お金にも、胃もたれはある。僕たちは何を貯めるべきなのか。【飽金のパラドックス】
みなさん、お金が欲しいですか?
お金は豊かであることの象徴です。
お金があれば好きなものを食べられます。好きなところに住めます。好きなサービスをいくらでも受けることができます。
お金があれば、幸福です。
でも、食べ物を食べすぎれば胃もたれしてしまいます。お金はどうでしょうか?お金は銀行口座に無限にためることができます。でも、幸せは収入の増加によって本当に無限に増加していくのでしょうか?
データ社会は、その謎を解明しています。
世界中のお金持ち~貧困層を集めて、長期間データを測定・蓄積することで、どのくらいの収入があれば幸福度が最大になるか。それは既に結論付けられているのです。
以前の研究では800万円くらいがその限度かも?という研究成果が出ていたのですが、今回、もっと大きなデータセットを使ってアップデートされた研究成果が出ています。
アナタの目標収入に、根拠はありますか?
世界一有名な調査会社Gallup社、nature誌、ハーバードビジネススクールやブリティッシュコロンビア大学が行った収入と幸福に関する最高の研究成果をご紹介します。
どのくらい収入があれば、最も幸福になれるの?
世界一有名な調査会社Gallup社による170万人を対象にしたデータセットを使った研究です。彼らはあらゆる家族の世帯年収から、一人当たりの収入を算出しました。収入と幸福感の関係を明らかにしたのです。
収入による幸福の限界点(1人あたり)
①収入によるポジティブな感覚の限界:630万円(6万ドル)
②収入によるネガティブ減少の限界:800万円(7.5万ドル)
③お金に飽きてしまう:1000万円(9.5万ドル)
*③は高学歴の人では1200万円
**2人家族なら1.4倍、3人なら1.7倍、4人なら2倍してください。
(√nをかけると世帯収入になります)
つまり、収入によって得られる幸福感には限界があり、630~800万円で最高になります。さらに、1000万円以上稼ぐとお金にあきてしまいます。この点を限界にして幸福感は下がっていくのです。この記事ではその現象を「飽金」と呼びます。

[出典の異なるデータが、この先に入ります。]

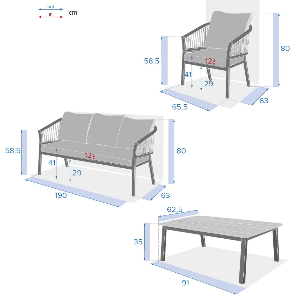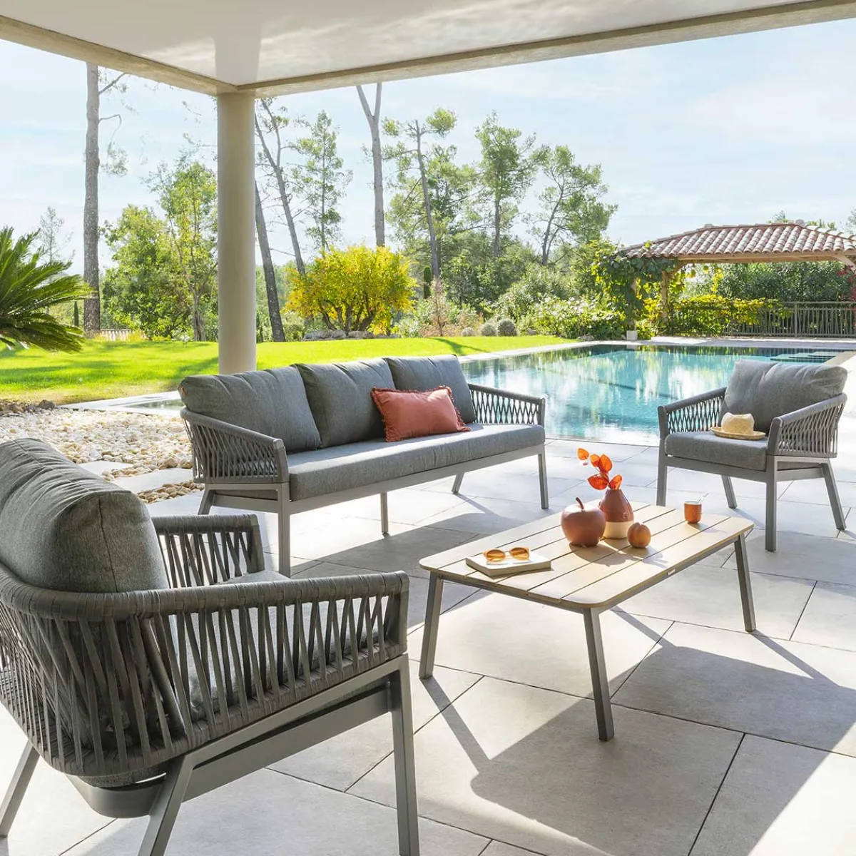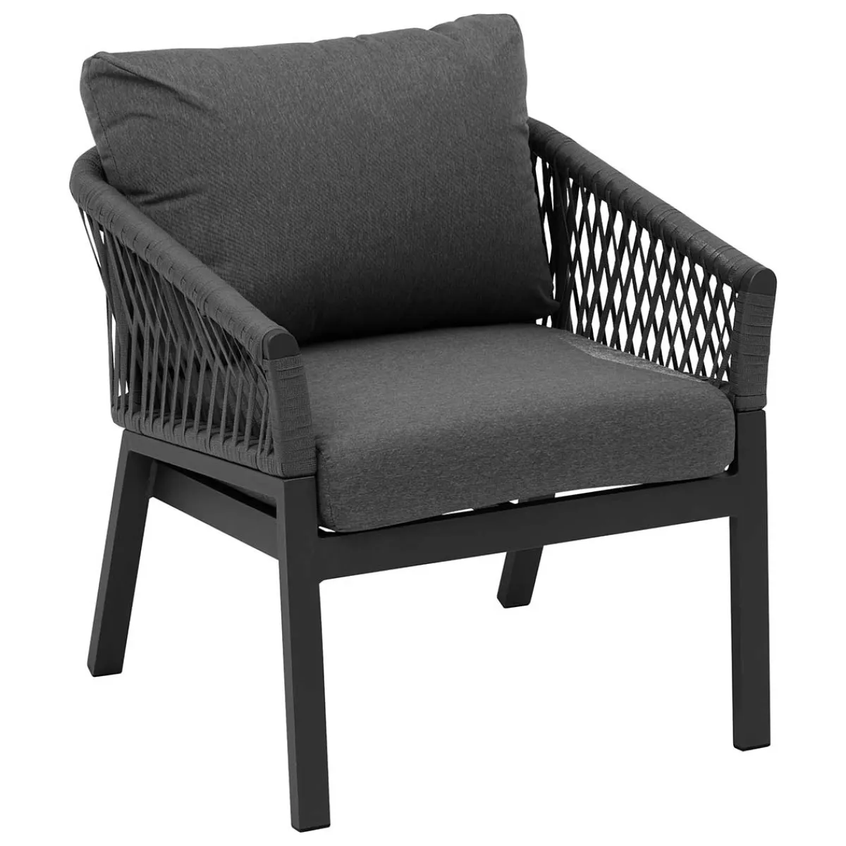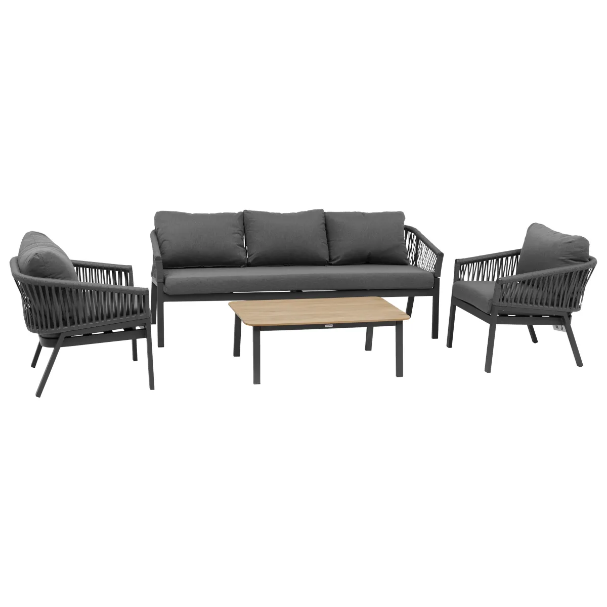 Juego de jardín ORIENGO gris oscuro | 5 Plazas | Compuesto por un sofá de tres plazas, dos sillones y una mesa de centro con tapa de madera barnizada con certificado Fsc. Los respaldos de cuerda añaden un toque de originalidad al conjunto. La estructura de aluminio con tratamiento epoxi es resistente a la oxidación. Se puede quitar la funda de los cojines para facilitar su limpieza. Durante el invierno, guarda tus muebles de jardín y protégelos con una funda | Color: Antracita, Grafito | Material: Aluminio, Madera de acacia, Poliéster | Marca: Hespéride

1000万円を超えた収入を持つようになると、むしろ人生の評価が下がっていきます。「お金を稼がなくてはいけない」という強いプレッシャーを感じているため、これ以上収入があっても幸福度が上がりません。
学歴が高いヒトは周りの人間の収入も高くなるため、「飽金」が起こるのは1200万円ですが、それ以上の収入は幸福感にはつながっていません。
お金によって、自由を獲得できるハズだったのに、むしろ不自由になってしまうのです。私はこれを「飽金のパラドックス」と呼んでいます。
実は、このデータには男女差が発見されました。
一般的に、男性の方が高い収入を求め、収入によって満足感を感じるかのように思われます。私も研究チームもそれを予想していたのですが、分析結果は全く逆でした。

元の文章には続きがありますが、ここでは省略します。